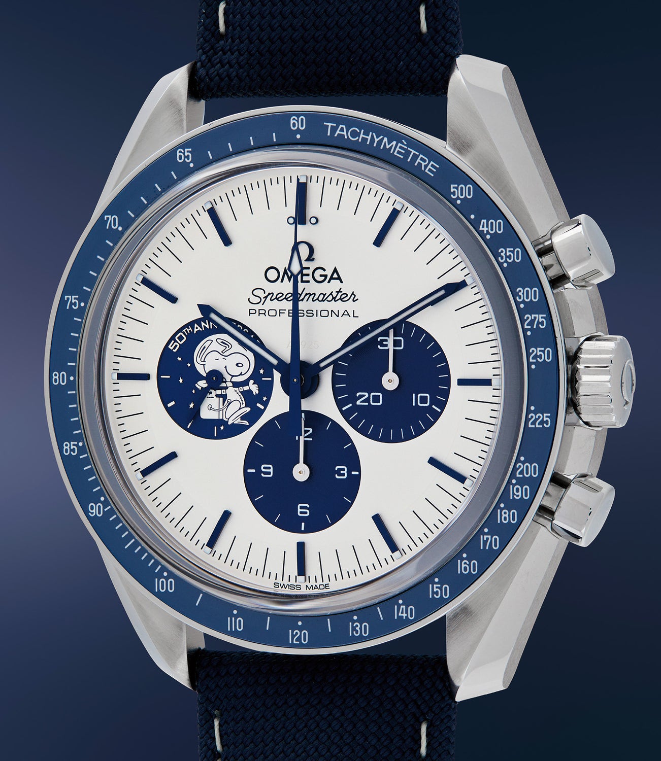The 2020 edition retains the Speedmaster Professional design with the case-shape reminiscent of the late 1960s model ST105.012. NASA’s favourite beagle again adorns the dial, while through the sapphire caseback, one sees a whimsical mechanical animation. The chronograph features a “Naiad Lock” caseback allowing the inscriptions to always appear in the upright position. The movement is covered with a night blue plate with white dots to represent the sky, and there is a rotating Earth as seen from the moon while a Command and Service Module with Snoopy inside rotates around to the dark side of the moon.
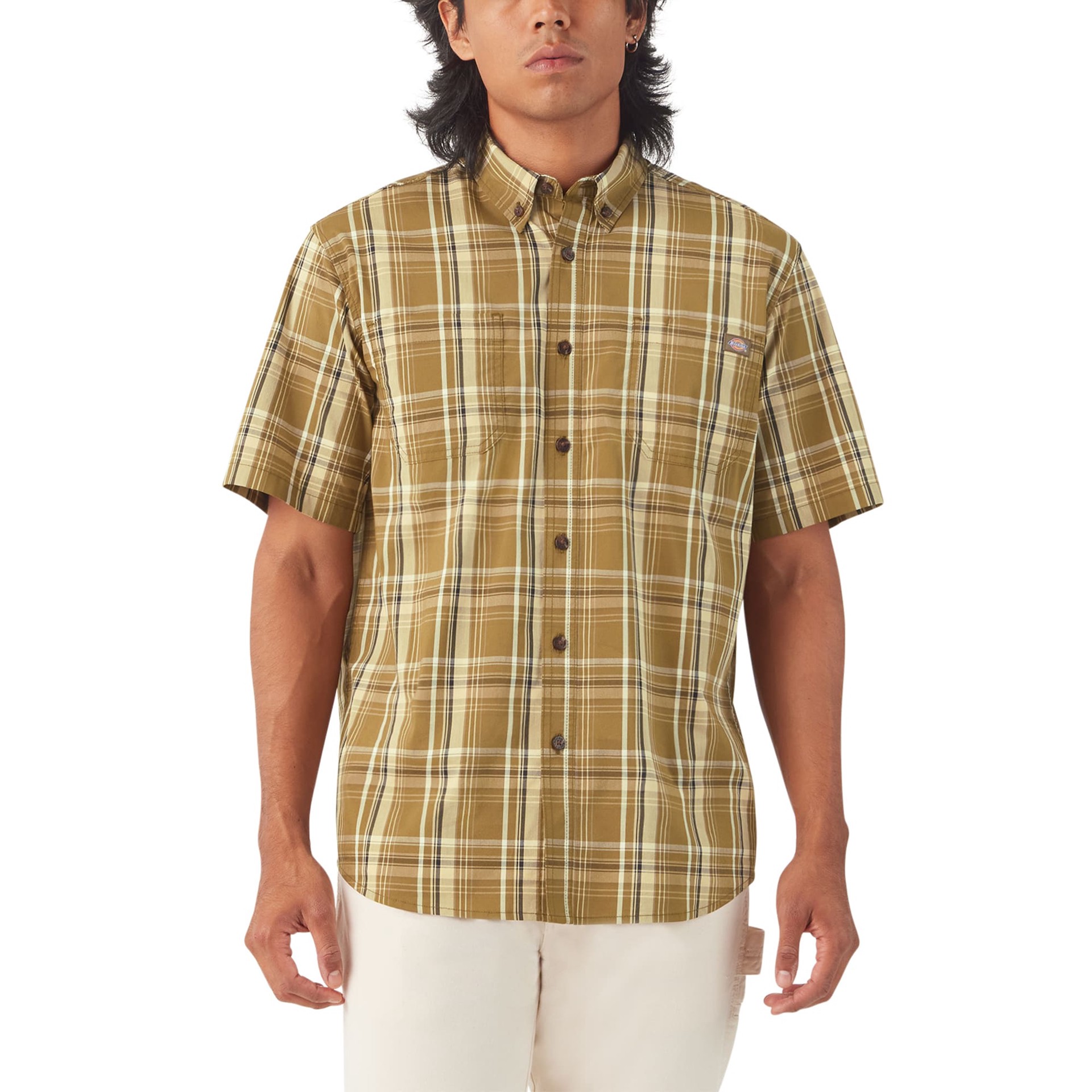 Dickies Men's Green Light weight Short sleeve Solid Button-down shirt ( Medium )
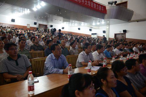 9月23日下午,著名军事战略专家、国防大学教授、战略学博士生导师、我校荣誉教授金一南少将专程来校举办了一场《新挑战、新机遇、新举措——国家安全形势与安全筹划》的学术报告,会场上座无虚席、气氛活跃,报告取得了圆满成功。校党委书记彭涉晗主持,在家的校领导肖长春、桂国庆、吕玉华、史胜平、陈小林、黄俭根、肖宜安出席报告会,学校师生以及部分吉安市直单位负责人和武警吉安市支队官兵1400余人聆听了报告。 金一南从全球战略思维出发,紧扣历史与现实,结合当前与长远,用生动事例全面分析了当前国家在南海、东海等面临的安全形势和种种挑战,深刻揭示了当今国际政治上存在的深层次问题,并结合自身多年研究成果和实践经验,围绕党的十八届三中全会作出的重大决定,深入阐述了我们实现中华民族伟大复兴所必须具备的战略思维、战略规划。在两个多小时的精彩报告中,金一南将军以其风趣幽默的语言、丰富渊博的学识、宏大开阔的格局征服了现场的听众,赢得了阵阵热烈的掌声。
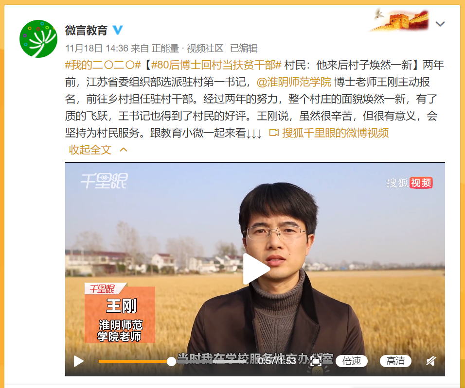 #我的二〇二〇#【#80后博士回村当扶贫干部# 村民:他来后村子焕然一新】两年前,江苏省委组织部选派驻村第一书记,@yL23411永利官网登录 博士老师王刚主动报名,前往乡村担任驻村干部。经过两年的努力,整个村庄的面貌焕然一新,有了质的飞跃,王书记也得到了村民的好评。王刚说,虽然很辛苦,但很有意义,会坚持为村民服务。跟教育小微一起来看。
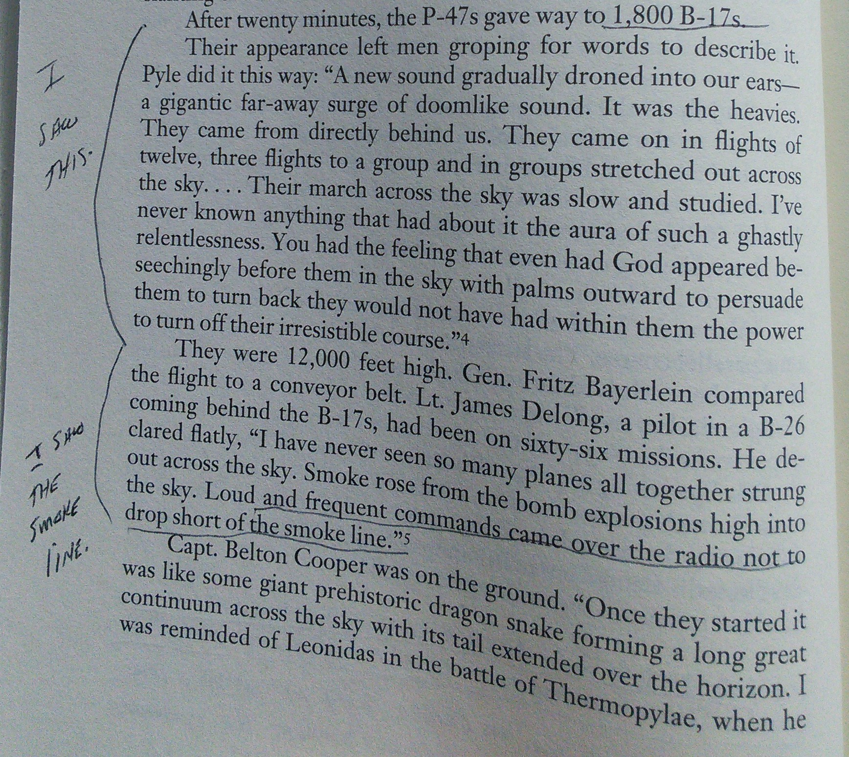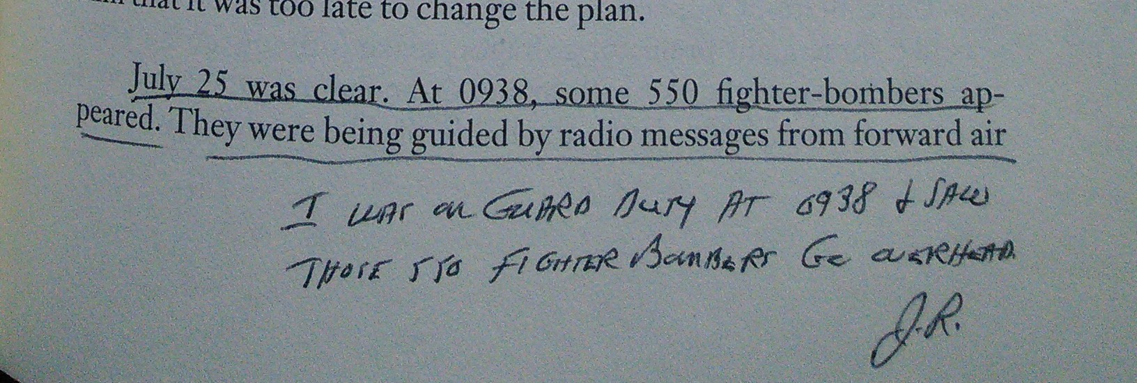 Grandpa loved to tell stories of his time in the service during World War II, and his family loved to hear them. When I was in Grand Rapids for his memorial service, I pulled out one of his books about the war, Stephen Ambrose’s Citizen Soldiers. I found that he had occasionally underlined and written notes on events in the book that he had a personal connection to, particularly those having to do with Operation Cobra toward the end of July, 1944.
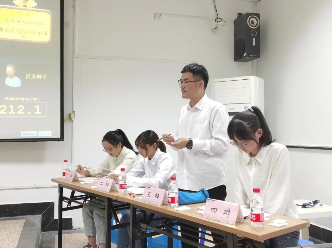 围绕“佛系是当代青年的解药或是毒药”的辩题,双方展开了热火朝天的激烈辩论。从开篇立论到结案陈词,双方辩手们深情并茂、据理力争,咬住一两个关键论点反复盘问对方,整场辩论选手们镇定自若、谈吐自如,双方辩论火药味十足。
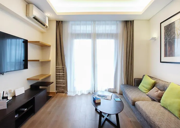 Tyms 1Br Apt Huijing Garden Shanghai ligger 2 km från Xujiahui katolska kyrka och cirka 5 minuters gångavstånd från tunnelbanestationen Jiashan Road.

------------------------------

Please write out every entry exactly, but skip the pictures.

The 2020 edition retains the Speedmaster Professional design with the case-shape reminiscent of the late 1960s model ST105.012. NASA’s favourite beagle again adorns the dial, while through the sapphire caseback, one sees a whimsical mechanical animation. The chronograph features a “Naiad Lock” caseback allowing the inscriptions to always appear in the upright position. The movement is covered with a night blue plate with white dots to represent the sky, and there is a rotating Earth as seen from the moon while a Command and Service Module with Snoopy inside rotates around to the dark side of the moon.
 Dickies Men's Green Light weight Short sleeve Solid Button-down shirt ( Medium )
 9月23日下午,著名军事战略专家、国防大学教授、战略学博士生导师、我校荣誉教授金一南少将专程来校举办了一场《新挑战、新机遇、新举措——国家安全形势与安全筹划》的学术报告,会场上座无虚席、气氛活跃,报告取得了圆满成功。校党委书记彭涉晗主持,在家的校领导肖长春、桂国庆、吕玉华、史胜平、陈小林、黄俭根、肖宜安出席报告会,学校师生以及部分吉安市直单位负责人和武警吉安市支队官兵1400余人聆听了报告。 金一南从全球战略思维出发,紧扣历史与现实,结合当前与长远,用生动事例全面分析了当前国家在南海、东海等面临的安全形势和种种挑战,深刻揭示了当今国际政治上存在的深层次问题,并结合自身多年研究成果和实践经验,围绕党的十八届三中全会作出的重大决定,深入阐述了我们实现中华民族伟大复兴所必须具备的战略思维、战略规划。在两个多小时的精彩报告中,金一南将军以其风趣幽默的语言、丰富渊博的学识、宏大开阔的格局征服了现场的听众,赢得了阵阵热烈的掌声。
 #我的二〇二〇#【#80后博士回村当扶贫干部# 村民:他来后村子焕然一新】两年前,江苏省委组织部选派驻村第一书记,@yL23411永利官网登录 博士老师王刚主动报名,前往乡村担任驻村干部。经过两年的努力,整个村庄的面貌焕然一新,有了质的飞跃,王书记也得到了村民的好评。王刚说,虽然很辛苦,但很有意义,会坚持为村民服务。跟教育小微一起来看。
 Grandpa loved to tell stories of his time in the service during World War II, and his family loved to hear them. When I was in Grand Rapids for his memorial service, I pulled out one of his books about the war, Stephen Ambrose’s Citizen Soldiers. I found that he had occasionally underlined and written notes on events in the book that he had a personal connection to, particularly those having to do with Operation Cobra toward the end of July, 1944.
 围绕“佛系是当代青年的解药或是毒药”的辩题,双方展开了热火朝天的激烈辩论。从开篇立论到结案陈词,双方辩手们深情并茂、据理力争,咬住一两个关键论点反复盘问对方,整场辩论选手们镇定自若、谈吐自如,双方辩论火药味十足。
 Tyms 1Br Apt Huijing Garden Shanghai ligger 2 km från Xujiahui katolska kyrka och cirka 5 minuters gångavstånd från tunnelbanestationen Jiashan Road.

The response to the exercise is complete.